Foreclosure map IL 1-14When I looked at the statewide map of foreclosures in last Thursday’s Chicago Tribune There was a ring from the Indiana to the Wisconsin line.

It surrounded Cook, DuPage and Lake Counties.

Kane, Kendall, McHenry and Will Counties had foreclosure rates higher than 3%.

Nowhere else in Illinois are the foreclosure rates as high.

The numbers follow:

  • Kendall – 3.87%
  • Will – 3.44%
  • Kane – 3.13%
  • McHenry – 3.13%

Clearly, the recession is not over.


Comments

McHenry County Has Fourth Highest Foreclosure Rate — 11 Comments

  1. Top 30 in per capita taxes, 10,000 jobs lost, questionable spending, 4th highest foreclosure rate – there must be a correlation.

    Isn’t it time to put some new faces on the County Board?

    But no more Republicans behaving badly like Democrats!

  2. Some people have been not paying their mortgage for two years, the house gets foreclosed, then they buy a new house with the money they saved by not paying their mortgage for two years.

    Foreclosure laws vary by state.

  3. High property taxes only make the foreclosure rate worse and force seniors and citizens of McHenry County to fall deeper into crisis.

    There are also few good paying jobs out here.

  4. Local people in these high growth counties wanted it so they could have home rule.

    McHenry grew residential which adds to taxes and did not build more industrial parks or businesses to give taxes.

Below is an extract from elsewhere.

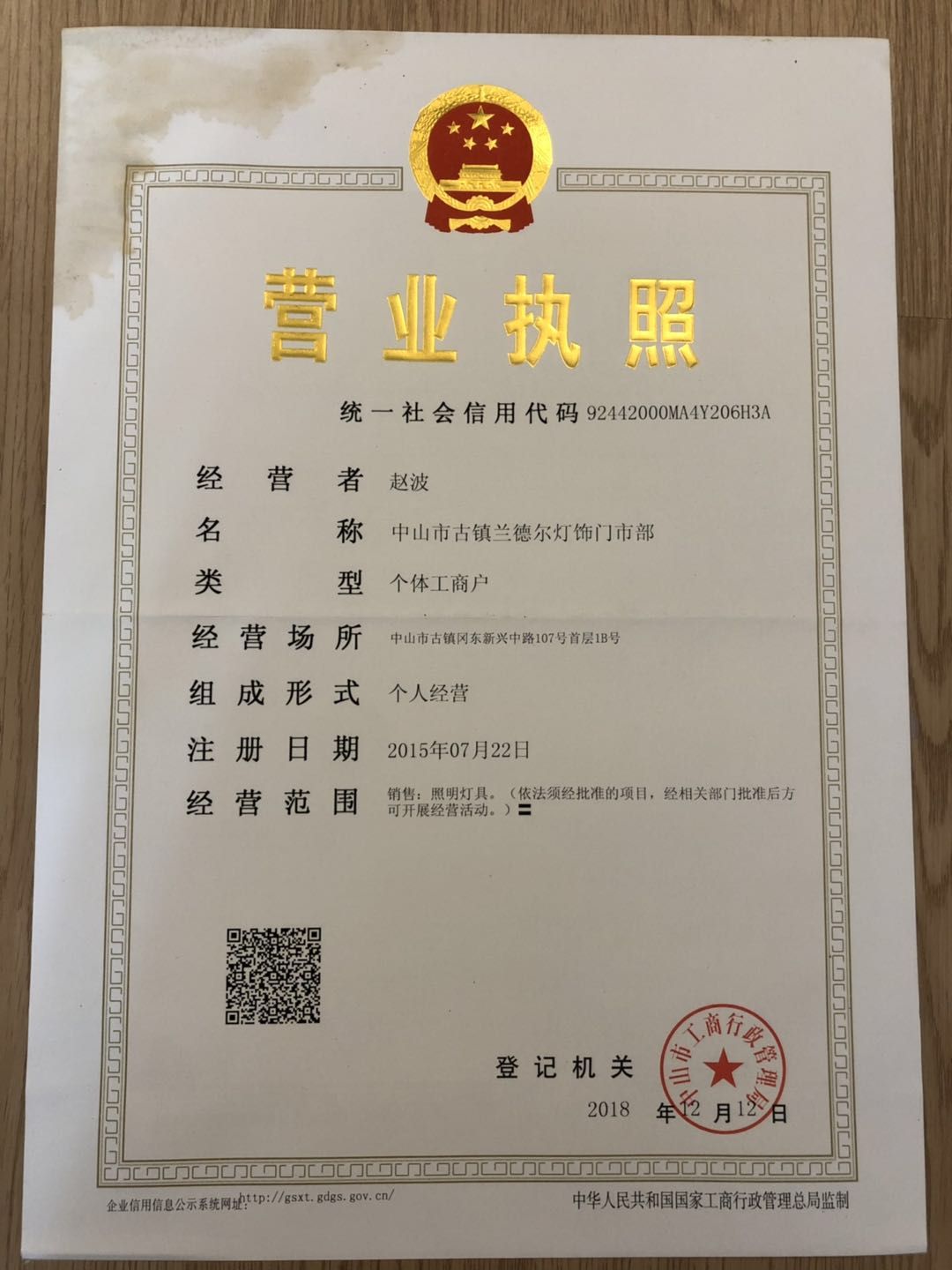 广东省,中山市,中山古镇冈东新兴中路107号首层1B号

    Land was rezoned from business to residential.

    Now we say McHenry County will have a water shortage.

    hort sided thinking and planning causes problems.

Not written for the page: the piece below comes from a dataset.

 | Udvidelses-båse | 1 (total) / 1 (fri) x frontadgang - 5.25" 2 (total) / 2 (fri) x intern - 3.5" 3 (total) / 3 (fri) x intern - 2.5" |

  5. I think you mean clearly the results of the recession are not over.

    That there are foreclosures at this pace neither confirms or refutes the continuance of the recession.

  6. I think largely those statistics are not as indicative of certain items as much as people think.

    In counties closer to Chicago and Cook county itself, there is a much larger real estate investment market as compared to those counties inside ‘the ring’.

    It is very likely that those properties were sold in a short sale or something similar before the foreclosure paper work was filed with the respective courts.

    Investors realized the high income potential during the mortgage crisis and banks realized they couldn’t handle the exorbitant legal fees compounded with the massive amount of lost revenue from people not paying on their ‘under water’ mortgages.

    The reality of it is that Mchenry County has no job market.